• EXERCISE PROMPT
Beginning with the line that holds "- 2 usi cu oglinzi, cu" and finishing with the line that holds "- Inspirational Lined", repeat the listing exactly, leaving every picture out.

• RECORDS FOR THE EXERCISE
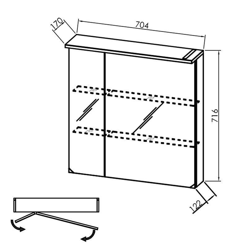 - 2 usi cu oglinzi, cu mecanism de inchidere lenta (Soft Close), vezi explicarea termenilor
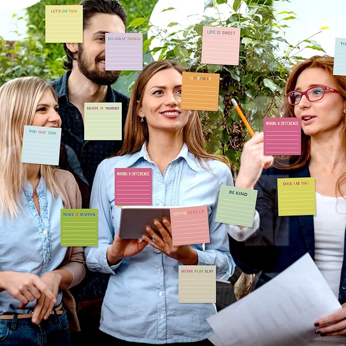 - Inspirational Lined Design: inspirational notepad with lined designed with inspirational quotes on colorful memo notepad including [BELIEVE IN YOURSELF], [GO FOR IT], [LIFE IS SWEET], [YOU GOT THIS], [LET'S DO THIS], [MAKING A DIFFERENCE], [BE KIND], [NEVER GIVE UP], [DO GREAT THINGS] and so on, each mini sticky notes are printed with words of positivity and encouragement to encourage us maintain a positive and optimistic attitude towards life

* * *

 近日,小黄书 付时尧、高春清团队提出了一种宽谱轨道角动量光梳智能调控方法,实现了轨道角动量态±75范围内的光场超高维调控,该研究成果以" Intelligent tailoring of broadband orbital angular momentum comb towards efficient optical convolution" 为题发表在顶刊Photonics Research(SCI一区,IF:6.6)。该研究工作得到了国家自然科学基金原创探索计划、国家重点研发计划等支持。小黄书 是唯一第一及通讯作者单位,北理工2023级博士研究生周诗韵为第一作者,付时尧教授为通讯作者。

--

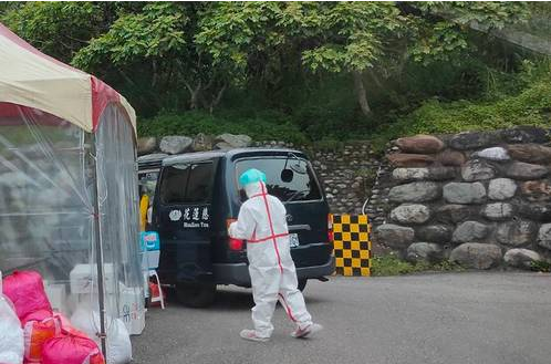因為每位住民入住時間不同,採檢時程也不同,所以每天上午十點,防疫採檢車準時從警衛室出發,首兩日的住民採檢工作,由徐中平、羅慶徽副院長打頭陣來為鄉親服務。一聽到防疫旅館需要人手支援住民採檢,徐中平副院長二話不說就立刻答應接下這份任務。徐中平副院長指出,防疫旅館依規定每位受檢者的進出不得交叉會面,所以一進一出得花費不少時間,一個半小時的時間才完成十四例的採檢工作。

• REPLY TO THE TASK
 - 2 usi cu oglinzi, cu mecanism de inchidere lenta (Soft Close), vezi explicarea termenilor
 - Inspirational Lined Design: inspirational notepad with lined designed with inspirational quotes on colorful memo notepad including [BELIEVE IN YOURSELF], [GO FOR IT], [LIFE IS SWEET], [YOU GOT THIS], [LET'S DO THIS], [MAKING A DIFFERENCE], [BE KIND], [NEVER GIVE UP], [DO GREAT THINGS] and so on, each mini sticky notes are printed with words of positivity and encouragement to encourage us maintain a positive and optimistic attitude towards life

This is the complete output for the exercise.